Während Erdoğan sämtliche politischen Institutionen und Einrichtungen des Staates unter seine Kontrolle bekam, begann er im Jahr 2015 einen Totalangriff auf das kurdische Volk und seine Freiheitsbewegung. Im Rahmen des als „Niederwerfungsplan“ bezeichneten Vernichtungskonzepts startete der türkische Staat Invasionsangriffe auf Nordkurdistan, Rojava und Südkurdistan. Durch die Manipulation des öffentlichen Diskurses erzeugte er ein Klima der bedingungslosen Unterstützung für seinen Krieg und einen blinden Glauben in die von ihm präsentierten „Resultate“. Gleichzeitig brachte Erdoğan nicht nur das Militär unter seine Kontrolle, sondern integrierte Söldner- und Verbrechernetzwerke in die Armee.

Die Guerilla hat nicht nur im Winter zugeschlagen“

Nun wundern sich einige Kreise angesichts der massiven revolutionären Operationen der Guerilla, bei denen in den letzten Wochen weit über 100 Soldaten getötet wurden: „Wie kann die Guerilla, während sie so intensiven Angriffen ausgesetzt ist, mitten im Winter so große Aktionen und Operationen durchführen?“ Die Staunenden betrachten es so, als ob die Guerilla nur unter winterlichen Bedingungen Aktionen durchgeführt hätte. Im letzten Jahr wurden zwischen Juli und Oktober 1108 große Aktionen durchgeführt. Hunderte von türkischen Soldaten wurden bei diesen vielfältigen Aktionen getötet und viele verletzt. Eine dieser revolutionären Operationen wurde mitten im Sommer, im August, im Widerstandsgebiet Girê Cûdî in der westlichen Zap-Region (Şehîd Delîl) durchgeführt. Dabei wurden Dutzende von Soldaten getötet. Alle Aktionen der Guerilla wurden, obwohl Dutzende von Aufklärungsdrohnen über den Köpfen der Soldaten kreisten, auch bei klarem Wetter durchgeführt. Das heißt, für die Guerilla sind diese Operationen keine Frage der Jahreszeit, von Regen oder Nebel.

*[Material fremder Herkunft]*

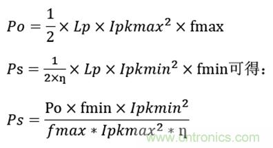 由上式可得,待機(jī)功耗的大小跟變壓器電感量大小,變換器具體的峰值電流無(wú)關(guān),只與設(shè)計(jì)的最高工作頻率與芯片最低工作頻率比以及最大設(shè)計(jì)峰值電流和最小峰值電流比有關(guān)。根據(jù)芯片規(guī)格書得:

Die Kriegsdoktrin der Guerilla

Die eigentliche Frage ist also die nach der Kriegsdoktrin der Freiheitsguerilla Kurdistans. Das Niveau des Kampfes und der Kriegsführung, das sich im Rahmen dieser Doktrin gezeigt hat, hat alle bekannten Vorstellungen bei weitem übertroffen. Werfen wir einen Blick auf die Praxis der türkischen Besatzungsarmee im Laufe der Jahre. Während die türkische Armee angriff, wurde die Guerilla stärker und professionalisierte sich. Die kurdische Freiheitsbewegung und die Guerilla, die die Erfordernisse der Zeit und die Notwendigkeiten, die sich aus dem Krieg ergeben, genau und frühzeitig analysiert hatte, begann einen Prozess des Wandels und der Umstrukturierung, ohne jedoch von ihren Grundsätzen abzurücken. Ein Blick auf die neue Ebene des Kampfes, die auf der Grundlage des Konzepts der Guerilla der demokratischen Moderne entstanden ist, wird es uns ermöglichen, die Bedeutung der revolutionären Operationen und aller aktuell durchgeführten Aktionen zu begreifen.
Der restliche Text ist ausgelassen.